» **Given material**:

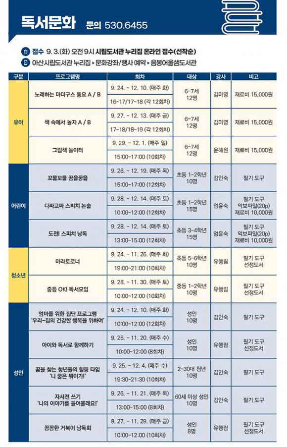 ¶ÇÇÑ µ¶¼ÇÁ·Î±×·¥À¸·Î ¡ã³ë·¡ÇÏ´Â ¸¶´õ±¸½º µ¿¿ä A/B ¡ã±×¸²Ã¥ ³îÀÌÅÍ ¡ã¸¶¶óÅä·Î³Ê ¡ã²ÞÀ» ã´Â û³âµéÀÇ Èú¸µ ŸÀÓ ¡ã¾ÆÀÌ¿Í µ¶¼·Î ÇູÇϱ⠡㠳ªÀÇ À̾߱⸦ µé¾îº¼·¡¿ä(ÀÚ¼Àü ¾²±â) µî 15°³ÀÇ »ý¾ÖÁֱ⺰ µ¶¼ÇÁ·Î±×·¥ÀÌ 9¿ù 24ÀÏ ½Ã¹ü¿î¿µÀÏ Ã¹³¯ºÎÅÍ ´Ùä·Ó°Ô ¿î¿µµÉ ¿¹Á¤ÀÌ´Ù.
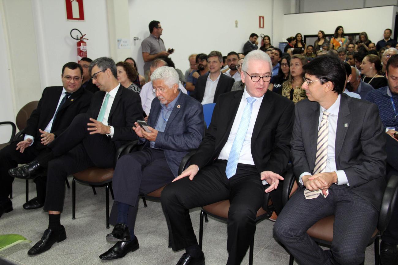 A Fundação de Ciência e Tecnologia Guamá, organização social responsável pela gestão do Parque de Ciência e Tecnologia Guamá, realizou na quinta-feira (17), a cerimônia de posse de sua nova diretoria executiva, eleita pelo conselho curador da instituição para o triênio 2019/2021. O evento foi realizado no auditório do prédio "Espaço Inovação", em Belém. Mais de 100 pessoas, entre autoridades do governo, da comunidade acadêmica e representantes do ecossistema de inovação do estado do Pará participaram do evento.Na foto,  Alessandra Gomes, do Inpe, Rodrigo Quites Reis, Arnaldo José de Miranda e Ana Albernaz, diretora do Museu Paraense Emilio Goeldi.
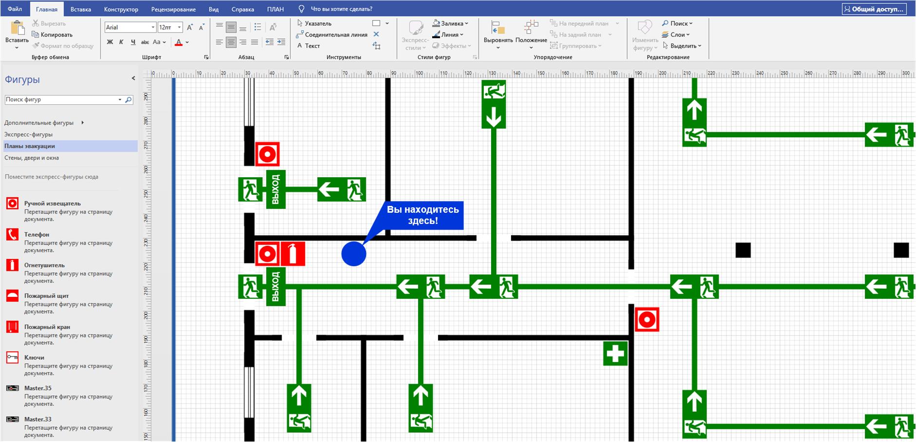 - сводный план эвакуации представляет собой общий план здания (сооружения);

» **Exercise goal**: Skip all pictures. Then give again, exactly, each line from the line holding "A Fundação de" through the last line of the listing above, both ends included.

» **Output of the exercise**:
 A Fundação de Ciência e Tecnologia Guamá, organização social responsável pela gestão do Parque de Ciência e Tecnologia Guamá, realizou na quinta-feira (17), a cerimônia de posse de sua nova diretoria executiva, eleita pelo conselho curador da instituição para o triênio 2019/2021. O evento foi realizado no auditório do prédio "Espaço Inovação", em Belém. Mais de 100 pessoas, entre autoridades do governo, da comunidade acadêmica e representantes do ecossistema de inovação do estado do Pará participaram do evento.Na foto,  Alessandra Gomes, do Inpe, Rodrigo Quites Reis, Arnaldo José de Miranda e Ana Albernaz, diretora do Museu Paraense Emilio Goeldi.
 - сводный план эвакуации представляет собой общий план здания (сооружения);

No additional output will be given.